American painter (1910–1970)

Internees Gaming by the Camp Fence, watercolor and ink on paper by Hiroshi Honda, c. 1945–59, Honolulu Museum of Art

Hiroshi Honda (1910–1970) was an American painter who was born in Hilo, Hawaii, to Japanese parents who had immigrated to Hawaii at the turn of the 20th century. He was sent to Kumamoto at age six to study and help with the family business, and while there studied sumi-e ink painting. He was conscripted into the Japanese Air Force as a young man, and served for seven years before being wounded and discharged. He returned to Hilo in 1939 and took a job teaching at a local Japanese language school, occasionally doing commercial painting work on the side. In 1940, he met a Nisei woman, Sadako Hashida, and the couple married and moved to Honolulu soon after.

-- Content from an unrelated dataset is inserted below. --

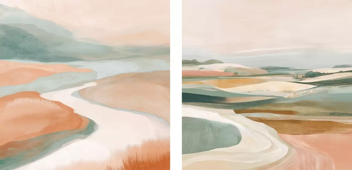 Картина Абстрактні пагорби та річка в пастельній гамі кольорів m00896

Once in Honolulu, Honda began teaching at a Nu'uanu Japanese school, and he spent the morning of the December 7, 1941 attack on Pearl Harbor at the school. Upon returning home, he was arrested by military police and eventually interned at Sand Island. His wife gave birth to the couple's first child in May 1942, and a few months later, upon learning that Honda would be transferred to an internment camp on the mainland, volunteered to accompany him along with her father and sister. Honda was removed from the transport ship at the last minute, resulting in his separation from the family for several months; Sadako and the others were first sent to Jerome, Arkansas, before being transferred to California. Later, in 1943, Sadako's father and sister were assigned to Manzanar, while Honda, Sadako, and their infant son were reunited in the maximum-security Tule Lake Segregation Center. While in Tule Lake, the couple had two more children, a daughter and a second son, and Honda produced many drawings and watercolor paintings.

After the war, the Hondas moved to New York, where Hiroshi studied under Yasuo Kuniyoshi, while Sadako worked as a seamstress to support the family. In 1949, the family moved back to Hilo, but Honda soon grew dissatisfied working for his wife's family's agriculture business and returned to New York alone. Sadako eventually remarried to Honda's brother, who had provided financial support to the family after Honda left. Little information on Honda's later life exists on record, but sources suggest that he remained in New York and remarried, as well.

The Honolulu Museum of Art, which owns a large collection of Hiroshi Honda's works, has held two solo exhibitions of this artist— Reflections of Internment: The Art of Hawaii's Hiroshi Honda in 1994 and Hiroshi Honda: Detained in 2012.